Working in collaboration with wider cultural heritage organisations, Tate hopes to pioneer new apprenticeship standards which are sought after across the arts. This includes unique positions within curatorial, conservation and archives & record management departments, providing rare insight and invaluable experience of the inner workings of a major arts institution. Following successful pilot roles initiated in 2018, this new fully funded apprenticeship programme forms part of Tate’s commitment to increasing the diversity of its workforce, to better reflect the diversity of the audience it serves.

Over the next three years, Tate’s ambition is to recruit 50 paid apprenticeships. Initial roles are currently available in the Library & Archives, Marketing, and Development teams, while further apprentice posts to be released in the coming months will span Tate’s Curatorial, Conservation, Digital, and Director’s Office teams. Candidates must be aged 16 or above, with all apprenticeships lasting for a minimum of a year. Every apprentice is allocated a workplace mentor within the organisation and receives training from an independent Skills Coach, so they are well equipped for further progression. They will be fully supported to realise their next step, whether that is at Tate or elsewhere. While all apprenticeships on offer are for entry level roles, a longer-term aim of the programme is to expand into middle and senior level management roles.

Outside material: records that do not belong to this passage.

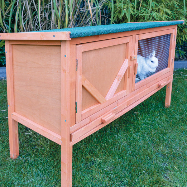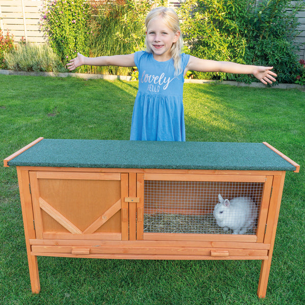 Stort Kaninbur i traditionel design, med god plads både inde og ude, og let adgang både igennem taget der kan åbnes og de 2 store låger på fronten. På venstre side er der en separat sove- og redeplads, der er omkranset med træ og på højre side det lidt større område med åben front, forsynet med et kraftigt galvaniseret net. Her får dyrene frisk luft og kan nyde en lur i solen. Sove- og redeområdet er mørkt og simulerer et hyggeligt kaninhul. Gulvet i hele buret er lavet som en skuffe der kan trækkes ud og bogstavrensningen. I det galvaniserede net kan anbringes drikkeflaske og foder skål. Husk at sørge for at der altid er frisk vand til dine dyr. Dette stabile kaninbur på træfødder for bedre luftcirkulation. Desuden er buret miljøvenlig og malet, og taget er beklædt med grøn vandafvisende tagpap. Taget kan åbnes for bedre adgang til øverste etage.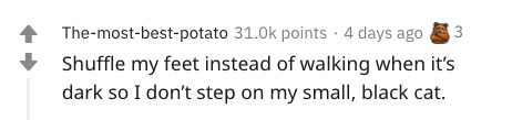 “为了防止踩到我的黑猫,我现在在暗处都习惯了拖着脚步走路。”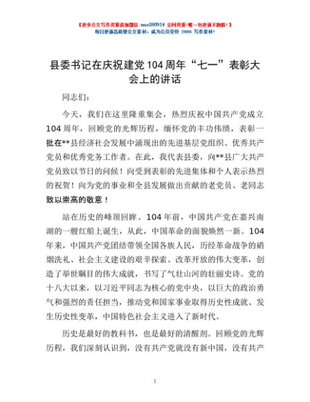/ 县委书记在庆祝建党104周年“七一”表彰大会上的讲话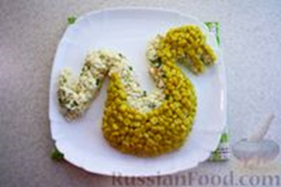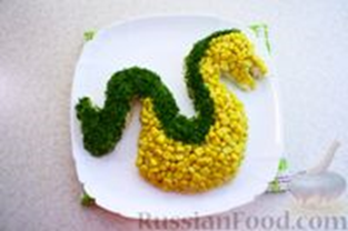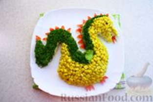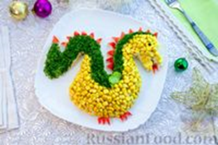 На большое блюдо выкладываем салат, формируя тело дракона.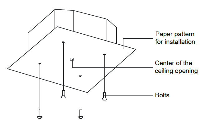 - New Home Installations: When installing the unit in a new home, the ceiling hooks can be embedded in advance. Make sure the hooks do not come loose due to concrete shrinkage. After installing the unit, fasten the installation paper template onto the unit with bolts to determine the dimensions and position of the ceiling opening. Follow the instructions above for the remainder of the installation.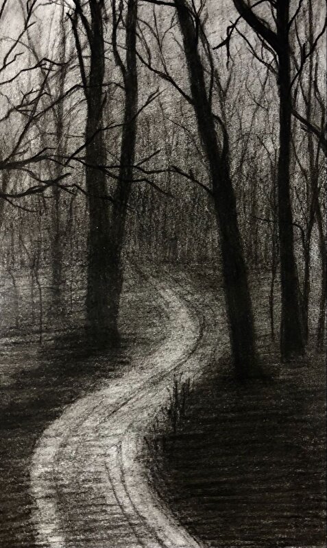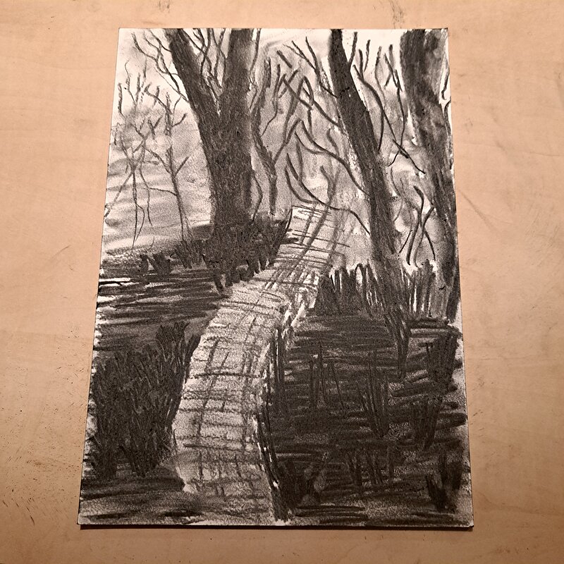 Dat ziet er goed uit Ezellover, voor meer diepte in het landschapje kun je het pad naar achteren toe steeds ietsje smaller en donkerder maken.

This apprenticeship programme is being made possible with support from donors including members of the Tate Foundation Executive Board, with a desire to embed this as a permanent offer at Tate. Further Kickstart internships are also currently in place at Tate Liverpool, as part of a Government-funded scheme offering 6-month trainee placements for 16- to 24-year-olds on Universal Credit, who are at risk of long-term unemployment.